Ils sont partis depuis deux jours,
— Oh ! les cahots du fourgon lourd —
Ils sont partis dans les bagarres,
Les heurts, les cris et les sifflets des gares ;
Ils sont partis, sait-on jusqu’où,
Mêlés et affolés,
Pour quel lâcher tumultueux et fou ?

Or, les voici, c’est dimanche, qui s’en reviennent
Des montagnes méridiennes,

Le col tendu et le vol haut,
Et que déjà,
Tout en suivant des yeux le dard d’une girouette,
On les attend et on les guette
Là-bas,
Au fond des ruelles inquiètes
Des deux Nèthes et de l’Escaut.

Dans les greniers, sous les poutres vermeilles,
On veille,
Et sur la place, où le ciel vaste et clair
Rayonne, on s’attroupe, le nez en l’air ;
Et là, sur les pignons où rien ne bouge,
Seuls, les colombiers verts,
Porte ouverte, règnent sur les toits rouges,
Et tout à coup, plus haut que tours et coupoles,
Les plus ardents se désignent du doigt
Une tache mince dans le ciel froid ;
On dirait une virgule qui vole
Et s’approche, et grandit, et d’un coup d’aile
Se détachant de l’infini
Vient effleurer le faîte et les moellons ternis
Du vieux rempart et de la citadelle.

De groupe en groupe, on crie et l’on s’excite.
Les cœurs battent et des paroles,

Dites très vite,
S’affolent ;
Le tumulte s’aggrave et gagne au loin,
Dans la ville, les coins et les recoins ;
Celui qui le premier a reconnu
Le vol lointain venant de l’inconnu,
S’en va, l’orgueil au front, de ruelle en ruelle,
Crier victoire et conter la nouvelle,
Tandis qu’au même instant,
Là-bas, dans une cour que les foules traversent,
Sur son pigeon hagard et haletant,
Le colombier vainqueur laisse tomber sa herse.

Aussitôt pris,
Le pigeon bleu, le pigeon gris,
Est engouffré dans un fourreau de toile,
Et le coureur le plus ardent,
Torse bombé comme une voile
S’enfuit, ce paquet lâche entre les dents.

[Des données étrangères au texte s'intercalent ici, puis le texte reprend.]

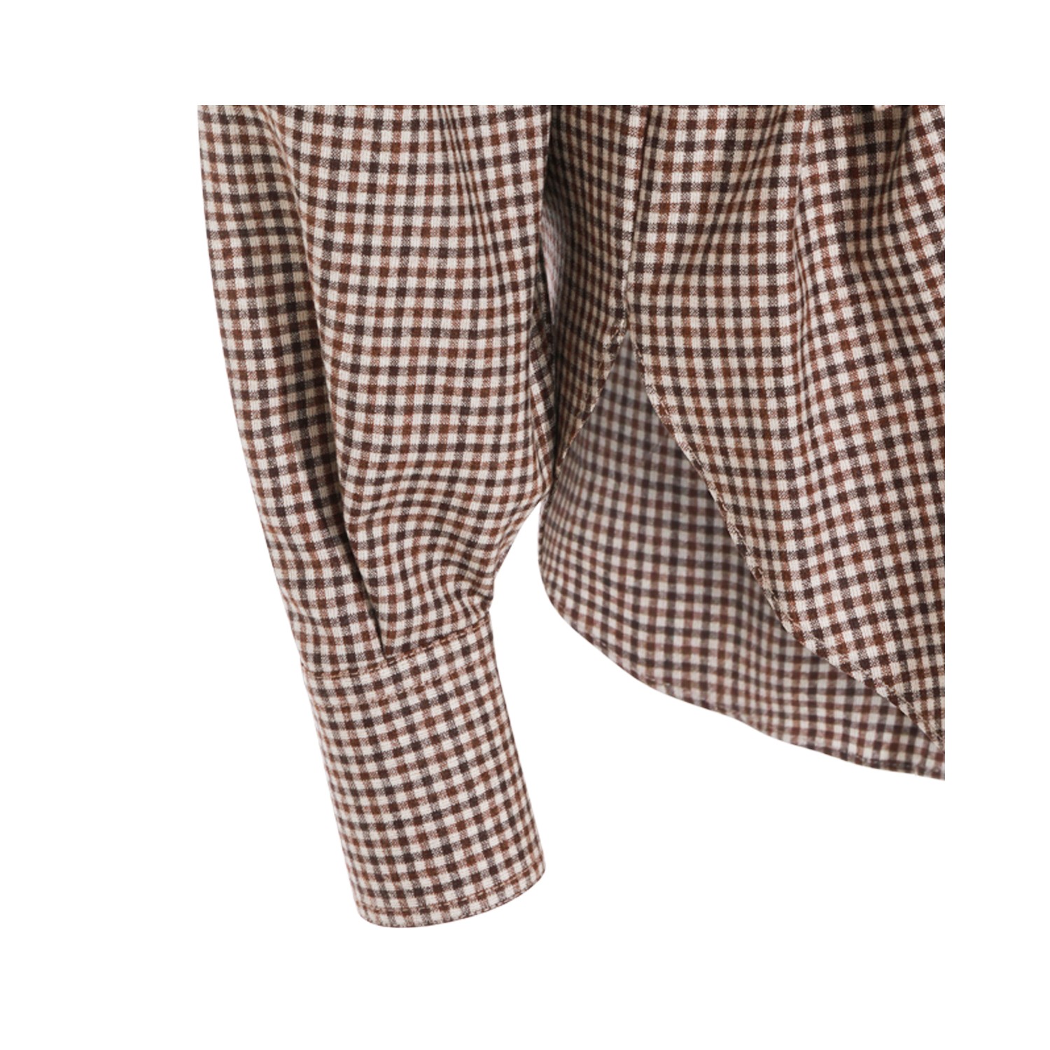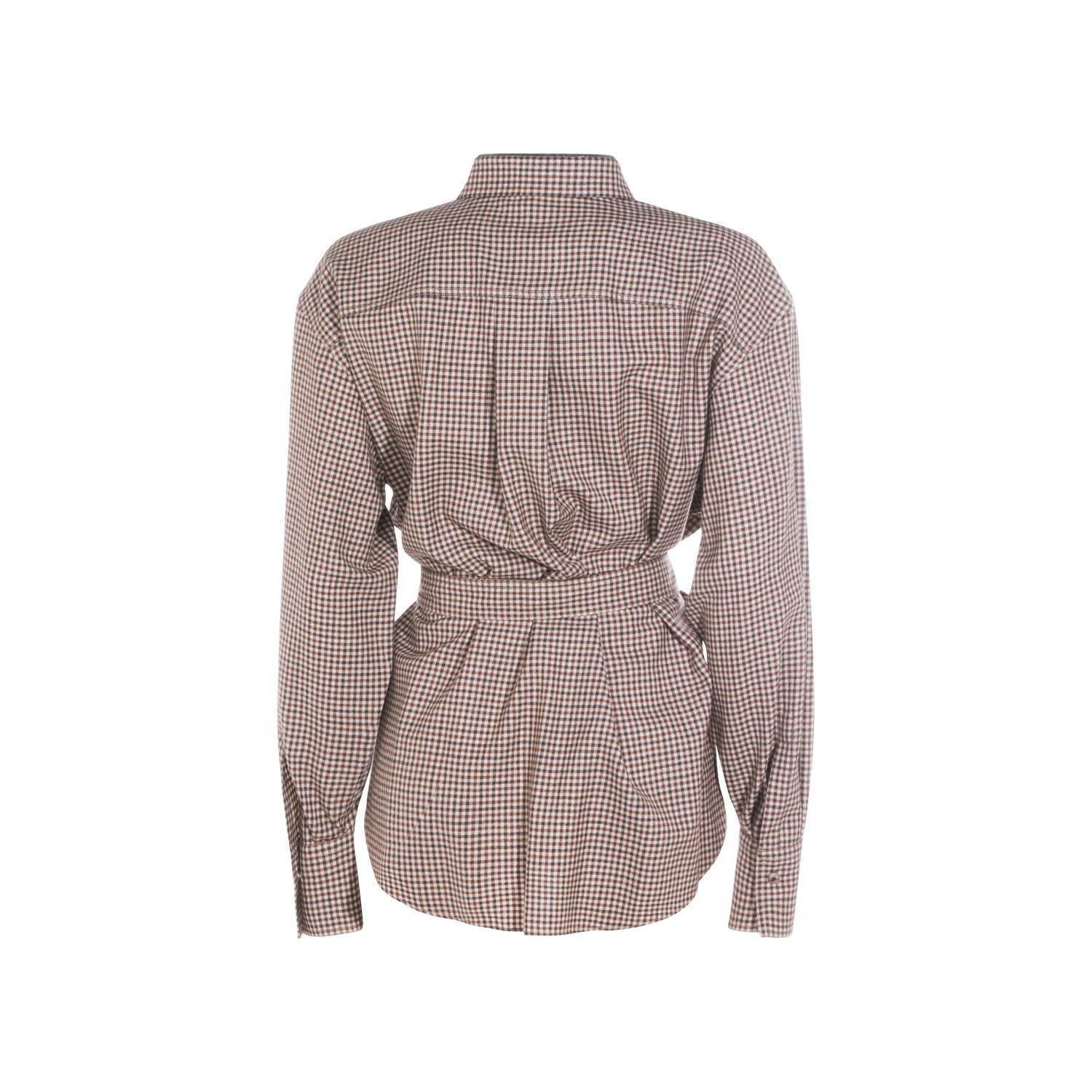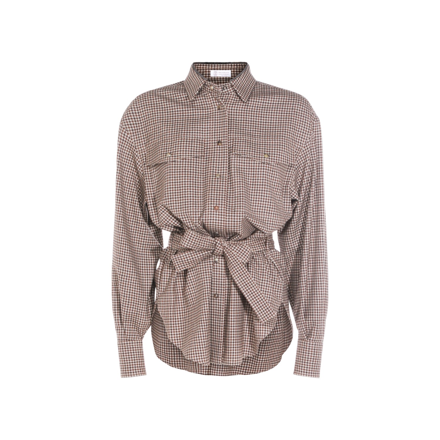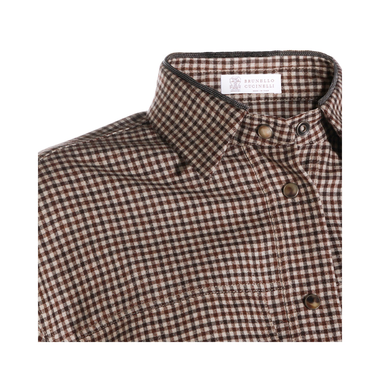Brown wool shirt from Brunello Cucinelli featuring classic shirt collar, long sleeves, frontal buttons fastening, belted waist and regular vestibility.
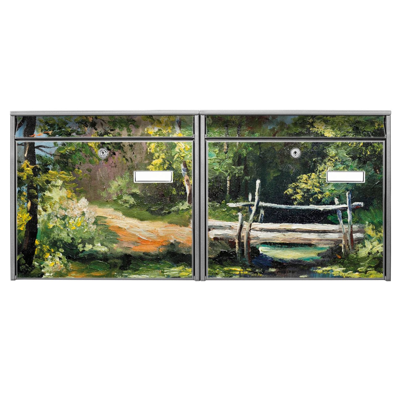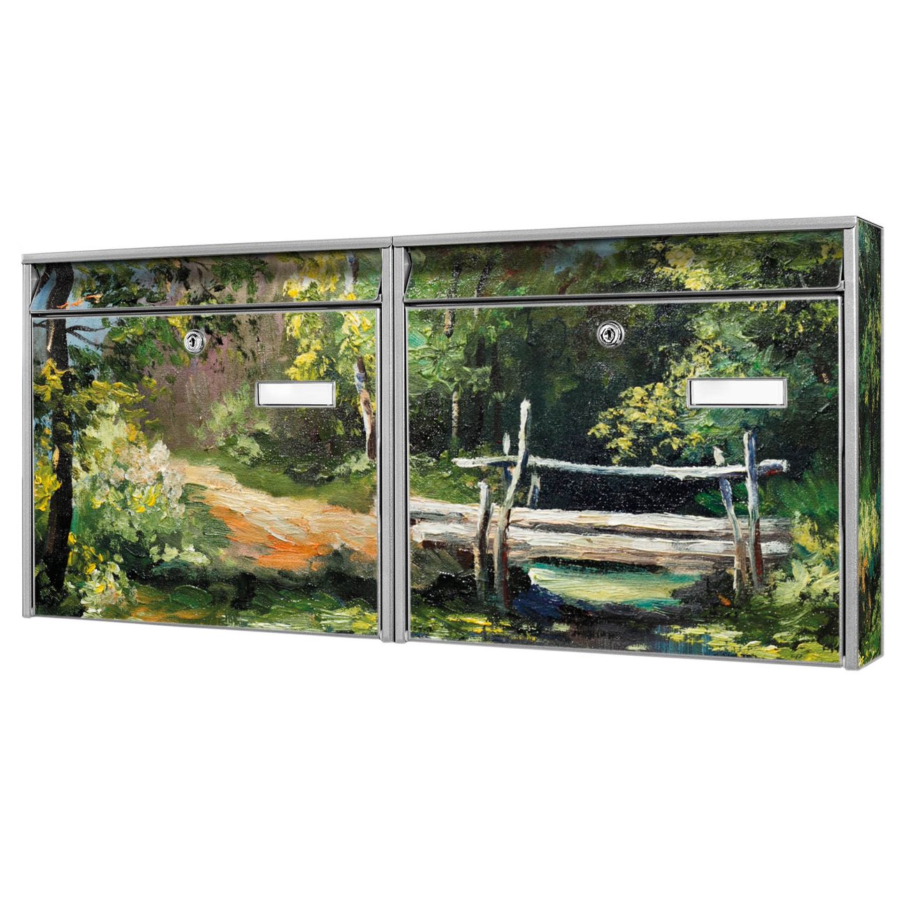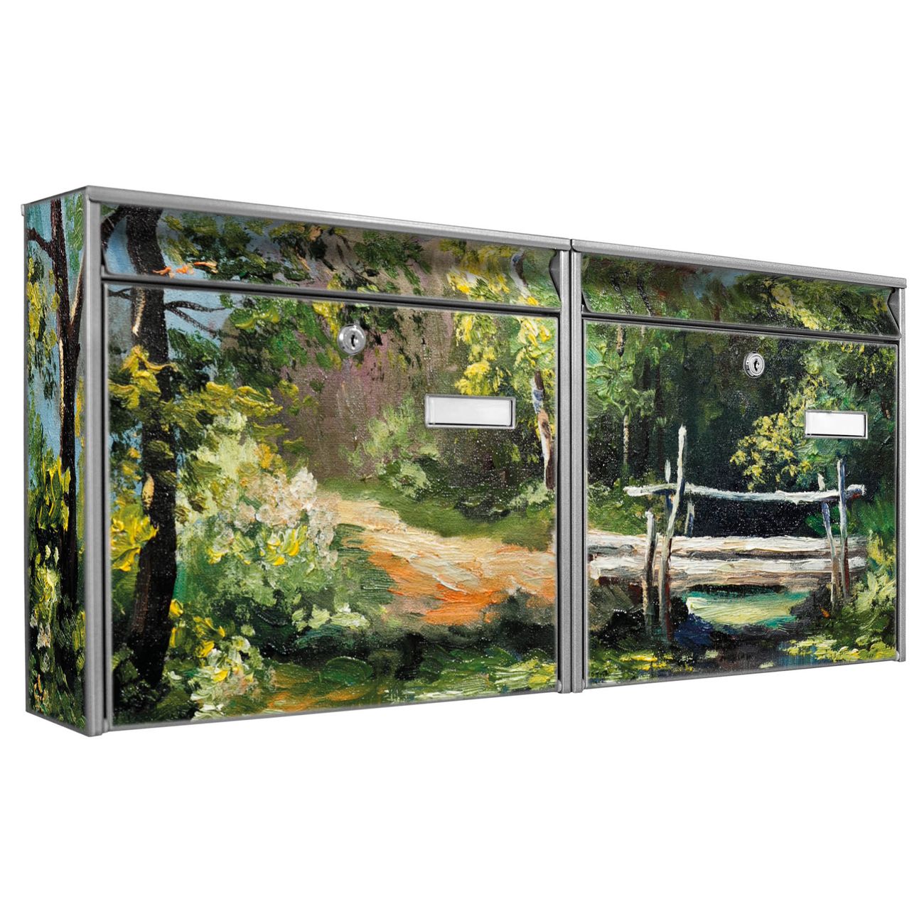 FUNKTION: Die Burg Wächter doppel Briefkastenanlage mit Motiv Kleine Brücke bietet Ihnen ein großes Fassungsvermögen, sodass auch A4 Sendungen eingeworfen werden können. Das Namensschild lässt sich individuell beschriften. DESIGN: Die 2 Briefkästen mit Kleine Brücke Motiv haben ein sehr ansprechendes und zeitloses Design. Heben Sie Sich von der tristen grauen Masse ab, ohne auf Funktionalität zu verzichten. Sie erhalten 2 Schlüssel sowie das Montagematerial. DETAILS: Der Doppelbriefkasten besteht aus verzinktem Stahl weiß. Er ist 72,5cm x 32,2cm x 10cm groß. Das Motiv besteht aus einer wetter- und UV-festen Folie, die Ihren Briefkasten zusätzlich vor Kratzern schützt. NUTZEN: Die stabile Bauart sowie die Wetterfestigkeit machen diese doppel Briefkästen zu einem zuverlässigen Begleiter im Alltag. Effektvoll in Reihe gehangen schmückt die Anlage jede Hauswand. BANJADO: Ihr Briefkasten wird in Sachsen in einer kleinen Manufaktur von Hand veredelt. Die Motivfolie ist lösungsmittelfrei und schutzlaminiert für einen langen Halt. Wir legen großen Wert auf die Verbindung von Funktionalität und Design. Sie erhalten Handarbeit aus Sachsen.
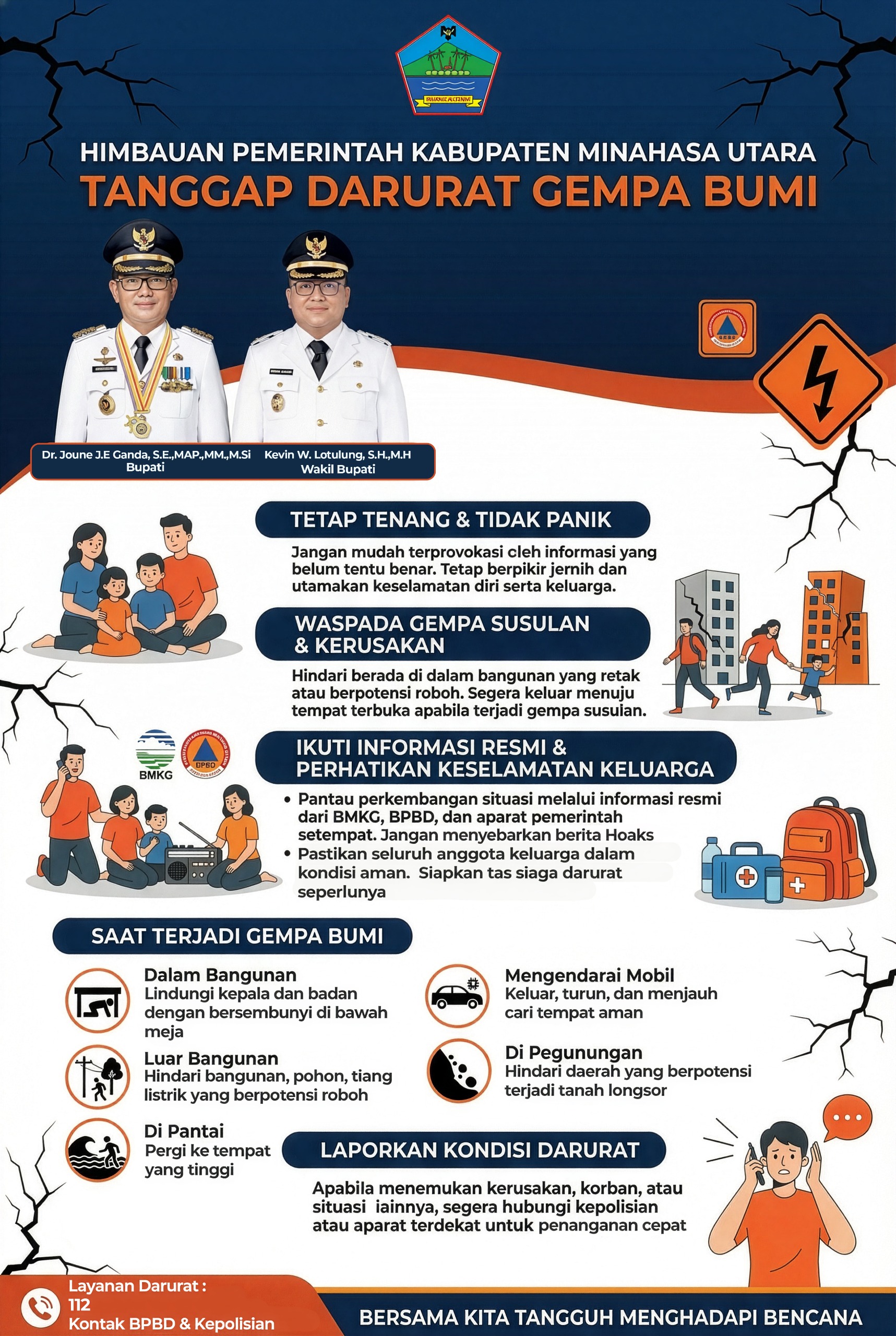 Bupati Minahasa Utara, Dr. Joune J.E. Ganda, S.E., MAP., MM., M.Si, bersama Wakil Bupati Kevin W. Lotulung, S.H., M.H, menegaskan pentingnya kewaspadaan di tengah situasi bencana. Masyarakat diingatkan agar tidak mudah terprovokasi oleh informasi yang belum jelas kebenarannya, serta tetap berpikir jernih dalam menghadapi kondisi darurat.

Il le passe à quelque autre après sa course faite,
Et celui-ci courant, le repasse à son tour
À quelque autre, là-bas, qui, d’un élan s’entête
À gagner la grand’salle où se fait le concours.


À l’auberge des « Trois Guirlandes »
Sont installés les vieux joueurs,
Qui s’angoissent et qui l’attendent.
Il arrive, gorge sèche, front en sueur ;
Un silence se fait : le vainqueur se désigne,
Et l’échevin, très gravement, consigne,
Sur des feuillets lignés où pèse une écritoire,
La victoire.

Et surviennent après, ceux dont le sort
Fut moins heureux, mais fut heureux encor ;
Ils déclinent leur nom : tous gagnent ;
Il en accourt des bourgs et des campagnes,
Avec, sur leurs pieds nus, la crasse des sentiers.
Leurs bras levés balaient, d’un coup de bière,
L’âpre poussière
De leurs gosiers ;
Et tels s’en vont, serrant leur bien,
Et tels se croient nimbés de gloire
Et paient gaîment à boire.
Seuls, les derniers n’ont rien,
Et leur fureur et leur déveine se butent
Aux poings tendus des cris et des disputes.

Et dans son prône, exaspéré,
Le vieux curé

Tance, flétrit, malmène
Ceux qui confient le gain de leur semaine
Au feu mouvant
D’une aile au vent,
Et se moquent de la promesse,
Faite à confesse,
De ne point déserter,
Les dimanches d’été,
La messe.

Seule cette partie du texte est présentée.